That’s the first line of a favorite poem of mine, “Mending Wall” by Robert Frost. It talks about a man’s reflections on the barriers between people as he and a neighbor mend a stone fence on their property line. The neighbor’s philosophy is simple. He quotes the old proverb, “Good fences make good neighbors.”

The poet questions this. He can see reasons why walls are sometimes necessary, but doesn’t accept that they should always be there. Barriers are not always a good thing. I’d take that a step further and say that usually they don’t.

When we start putting up barriers it’s generally because we want to protect ourselves. The current discussion over a physical of figurative wall along the southern border of the U.S. reflects this. We are worried about losing jobs, losing money sent back to families south of the border, losing resources as more aliens receive benefits from social services, even losing identity as more people who from outside mainstream American culture live in the country. You hear this when someone makes a statement like, “I had to walk six blocks before I heard a word of English. I couldn’t even tell I was in America.”

There are some real concerns about this. There are limits to how many immigrants our system can handle. There is a great deal of crime associated with people crossing the border illegally. (Of course an illegal crossing itself is a crime but I mean people smuggling, sexual slavery, drug smuggling, and other more malign crimes that attach to it.) There is also the exploitation of the immigrants themselves which is facilitated by their illegal status. Employers often practice fraud, allow unsafe working conditions, pay substandard wages, etc. There’s even the danger of terrorists using the human traffic to bring dangerous people into the U.S.

I wish I could say that I’m smart enough to know what kind of immigration policy would prevent all of these problems. I’m not. I don’t have a policy solution and this isn’t a political blog. What I do want to lift up is the idea that a wall (real of metaphorical) is not a solution. It’s just a way of separating the world into ‘us’ and ‘them’ and pretending that our problems will all be solved if we just keep ‘them’ out.1

It’s a mindset that people have fallen into in many times and places. You can see it clearly in the New Testament where ‘unclean’ people were regularly excluded from the life of the community. With the best of intentions (protecting our people, our faith, and our identity) the religious officials found ways to exclude the physically and emotionally ill, foreigners, and people who fell short of the standards of purity.

This set up a powerful tension between these leaders and Jesus. He drew the harshest criticism when he reached out to the people on the other side of the cultural walls. He touched the untouchable, connected to foreigners with kindness and respect, and shared meals with tax collectors and prostitutes. For him there was no ‘them.’ He offered everyone a chance to be ‘us’ without walls.

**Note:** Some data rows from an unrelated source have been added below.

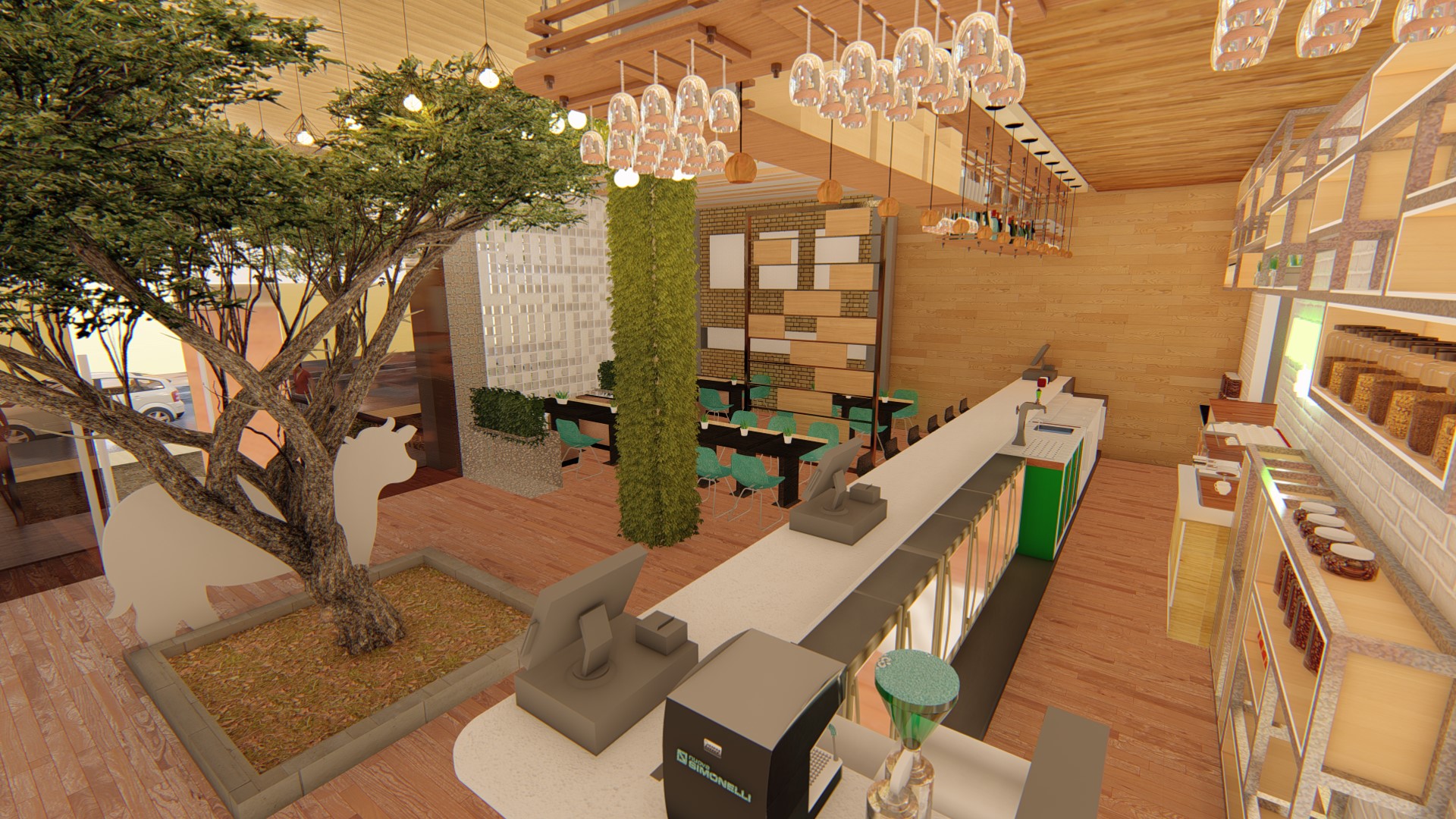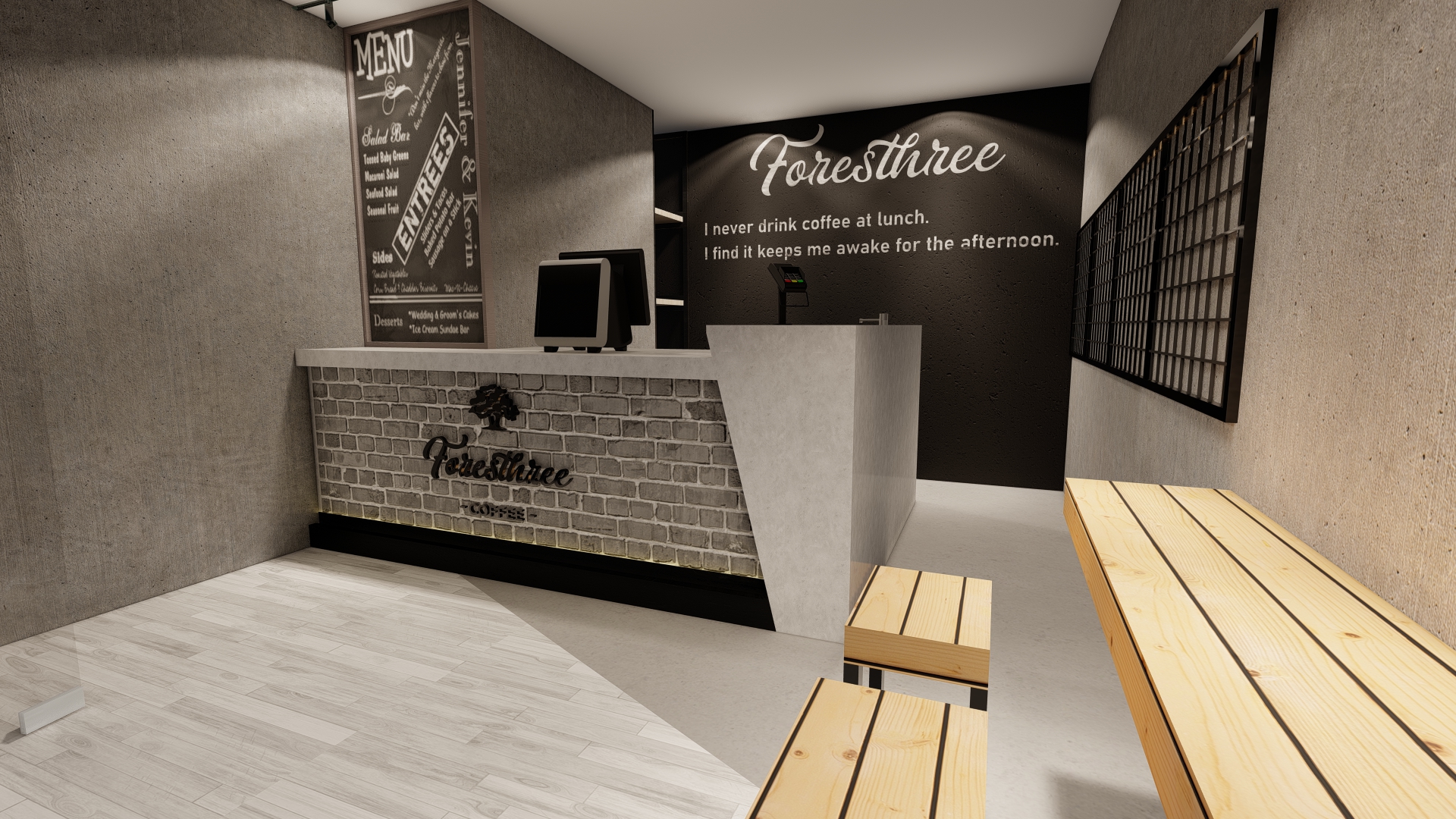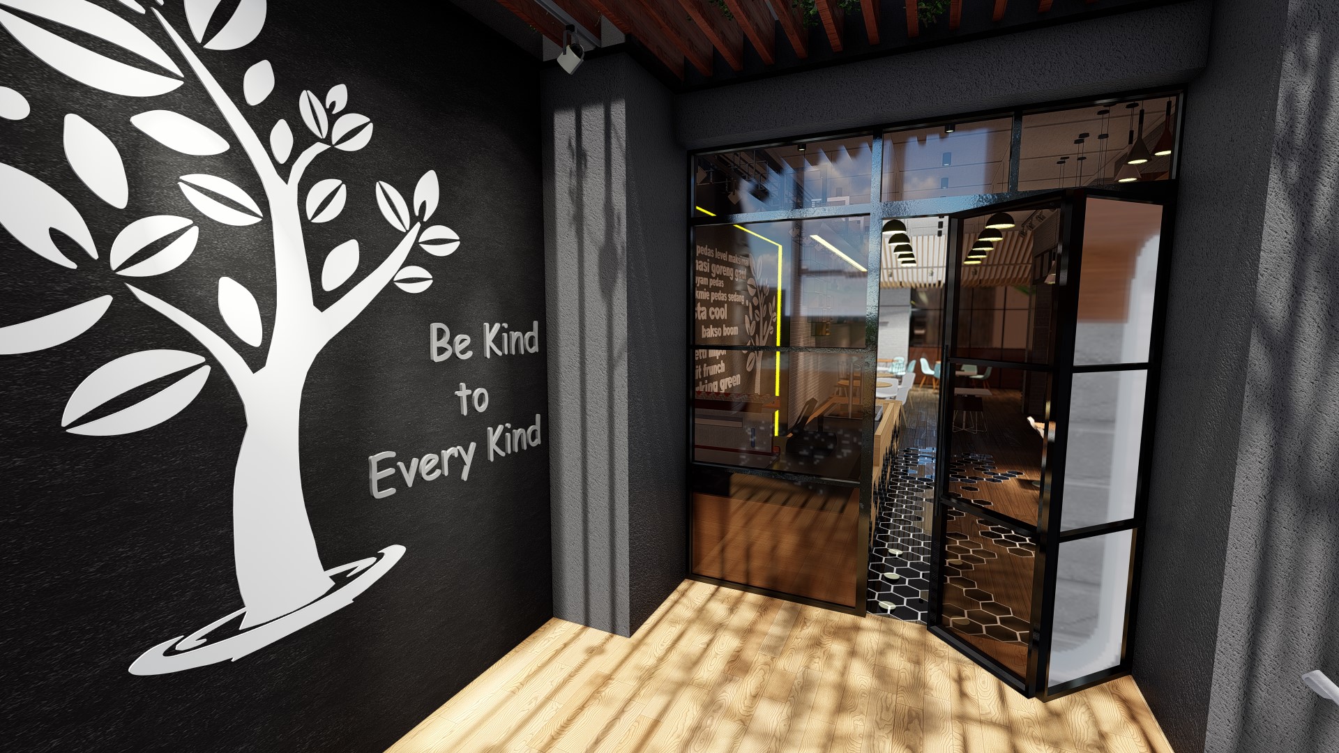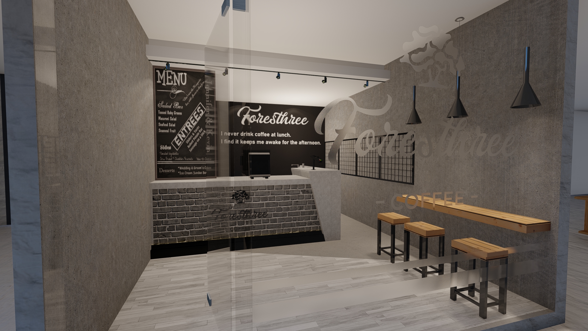 Jakarta, Design Located in the highrise building in Sudirman, Jakarta, the size of the coffeeshop could be said really small. With this limitation we try our best to still provide customer with waiting room, dine in option as well as providing enough spase for bar, storage room and rest room for the employee.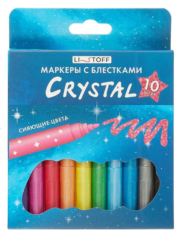 Для оформления всяких открыточек фломастеры с блестками - то что надо. Поэтому как увидела в магазине, сразу купила без раздумий. Тем более, что в этом наборе аж 10 цветов (обычно меньше бывает). А чем больше вариантов расцветки - тем лучше. Не знаю, как надолго их хватит, но пока рисуют очень красиво. Блестки дают мягкое мерцание, аляписто не выглядит.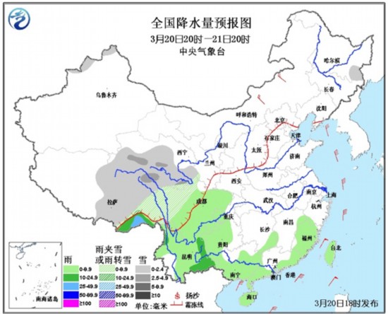 预计今天夜间到明天白天,江南东南部、湖南南部、广东南部、广西中南部、西南地区大部、西藏东南部等地有小到中雨,其中西藏东南部的部分地区有大雨。云南东南部局地还将有雷暴大风或冰雹天气,请上述地区的民众注意出行安全。另外,新疆西北部、青藏高原中东部等地有小到中雪或雨夹雪天气。

We lose touch with this when we start to focus on walls, and we connect to a different way of thinking. As physical walls go up so do the emotional walls of hate and fear. I’m not saying that everyone who wants to control immigration is a hate-monger, but the danger of becoming caught in the same mindset is very real. The Southern Poverty Law Center reports a 40% growth in American hate groups since 2000. This appears to be directly connected to the immigration debate.

"This kind of really vile propaganda begins in hate groups, makes its way out into the larger anti-immigration movement, and, before you know it, winds up in places like 'Lou Dobbs Tonight' on CNN," said Mark Potok, director of the SPLC's Intelligence Project. "This country needs a robust debate on immigration, but it does not need a debate based on racist allegations and bogus conspiracy theories." (The full article can be found at http://www.splcenter.org/intel/intelreport/article.jsp?aid=762 )

As I said before, I’m not smart enough to have the answer to the immigration question. I am convinced though that it isn’t about building more walls. Good fences don't make good neighbors.